» Exercise: Please give back the lines from the line containing "Skuminnsatse med rille" through the end of the listing below, exactly as written and without pictures.

» Data:
--

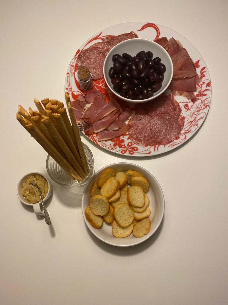 We had a lovely time playing with the children, eating lots of good food and catching up with the adults. To start we had charcuteries and nibbles in the kitchen while the chef prepared our main course.
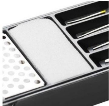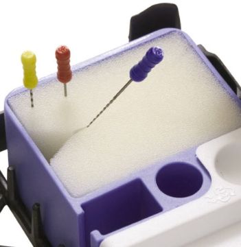 Skuminnsatse med rille til avskrabning af debris på file og instrumenter.
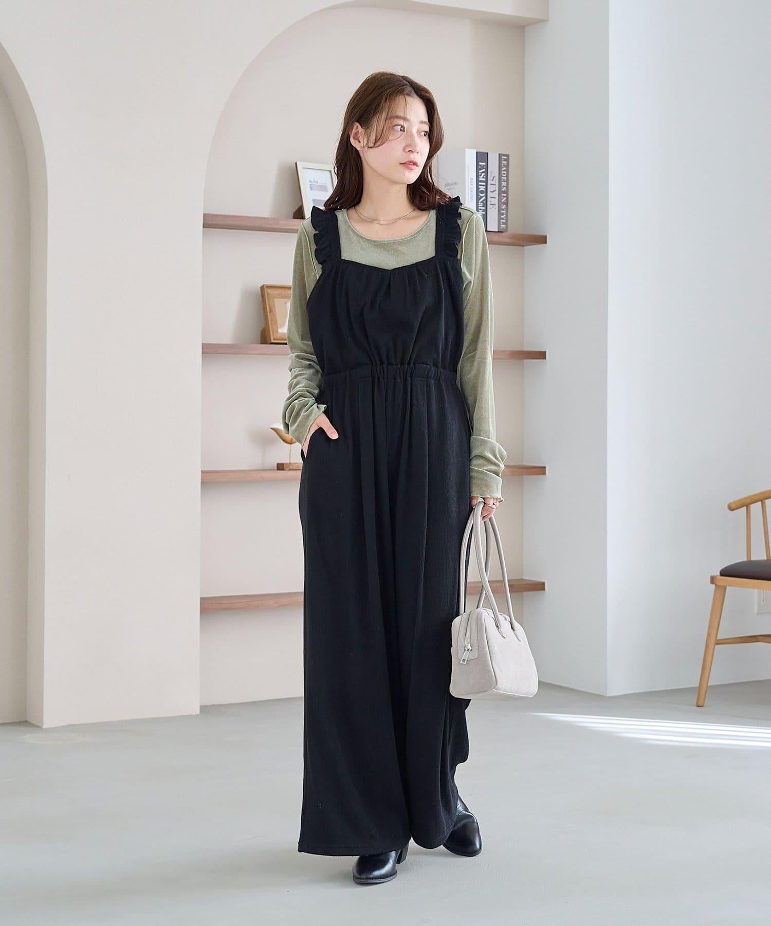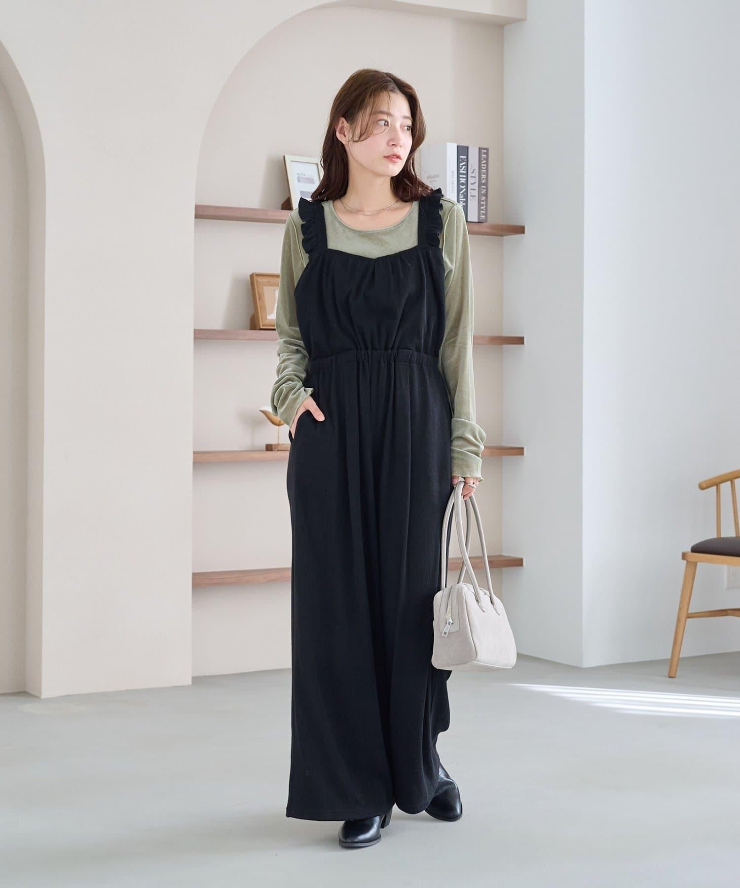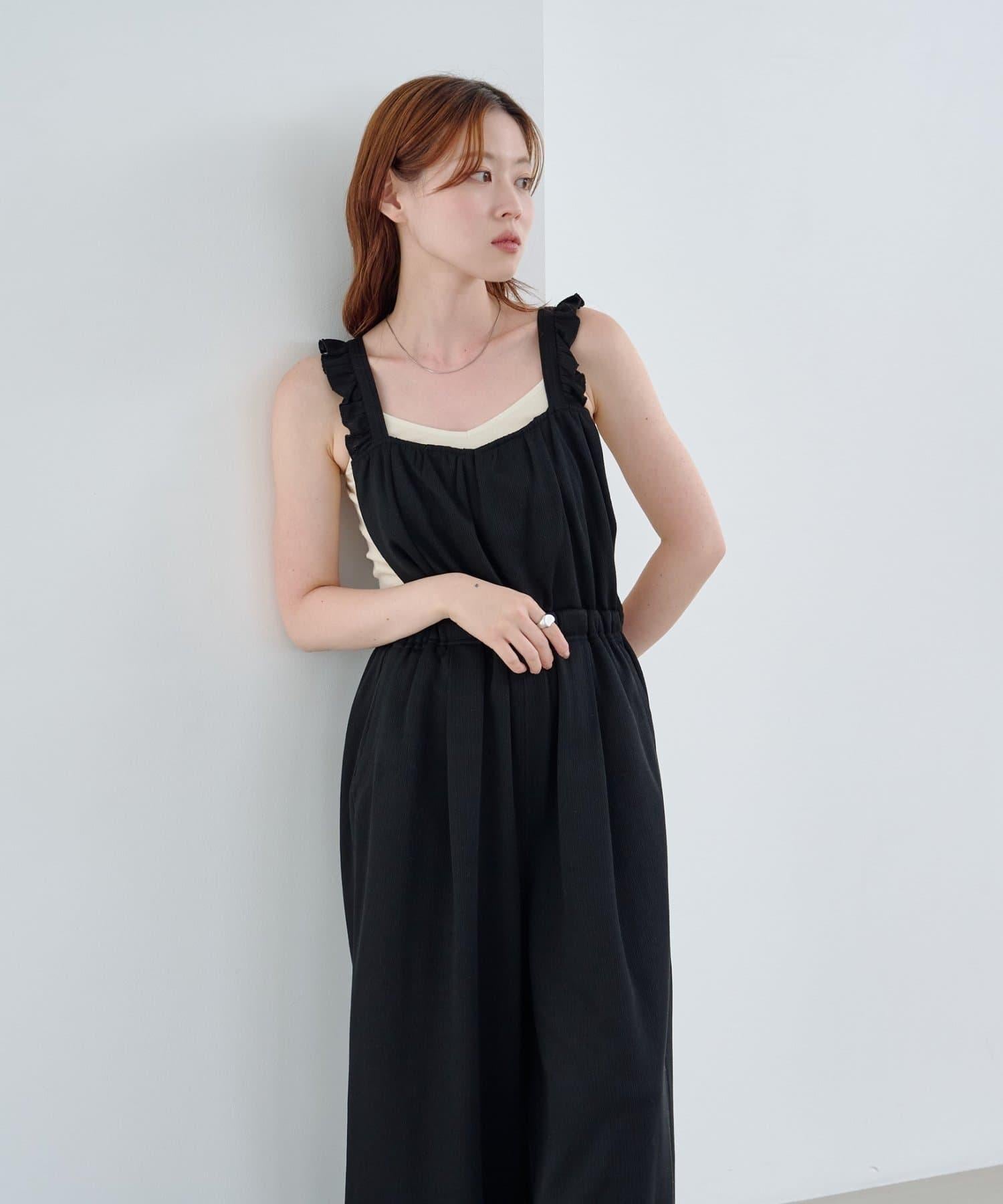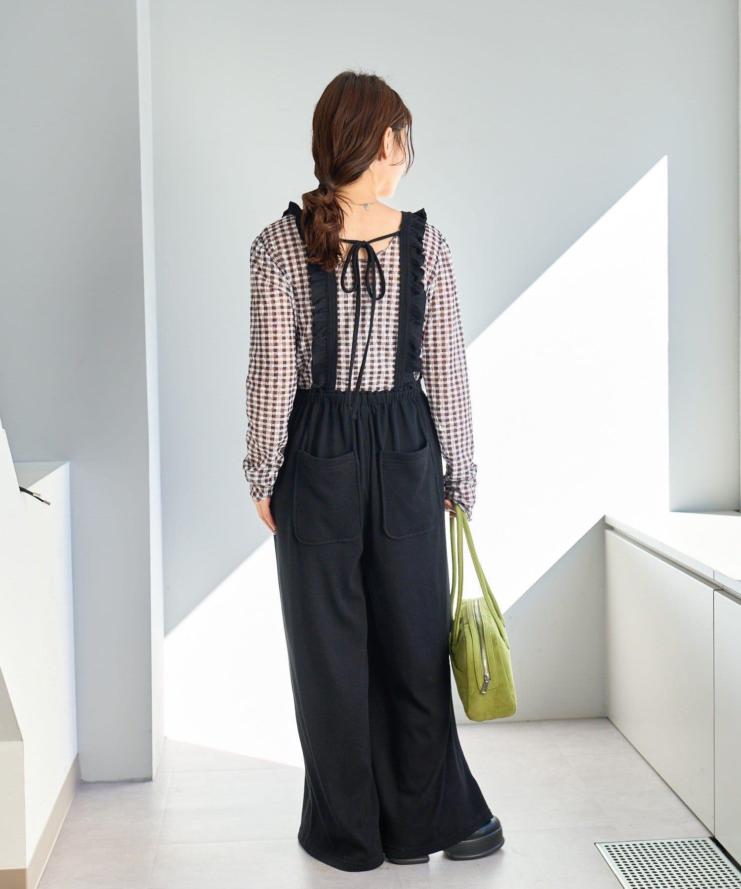 【2尺碼可選/適合身材嬌小/可調節衣長】荷葉邊揹帶褲
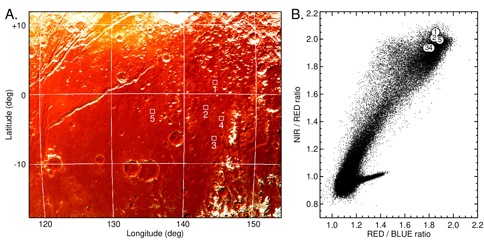 Fig. 6. A: hard stretch on the P_COLOR_2 observation of Cthulhu, with five regions of interest (ROIs) identified. ROIs 1-3 are topographic lows showing slightly darker shades. ROI 4 is a plains region that is slightly more pale. ROI 5 is near the center of a region of maximum redness identified by Olkin et al. (2017). B: color ratio plot, showing the mixing curve between Cthulhu colors at upper right and more typical Pluto colors at lower left, as well as the colors of the five ROIs, which are among the reddest colors seen on Pluto's encounter hemisphere

--

» Answer to the problem:
 Skuminnsatse med rille til avskrabning af debris på file og instrumenter.
 【2尺碼可選/適合身材嬌小/可調節衣長】荷葉邊揹帶褲
 Fig. 6. A: hard stretch on the P_COLOR_2 observation of Cthulhu, with five regions of interest (ROIs) identified. ROIs 1-3 are topographic lows showing slightly darker shades. ROI 4 is a plains region that is slightly more pale. ROI 5 is near the center of a region of maximum redness identified by Olkin et al. (2017). B: color ratio plot, showing the mixing curve between Cthulhu colors at upper right and more typical Pluto colors at lower left, as well as the colors of the five ROIs, which are among the reddest colors seen on Pluto's encounter hemisphere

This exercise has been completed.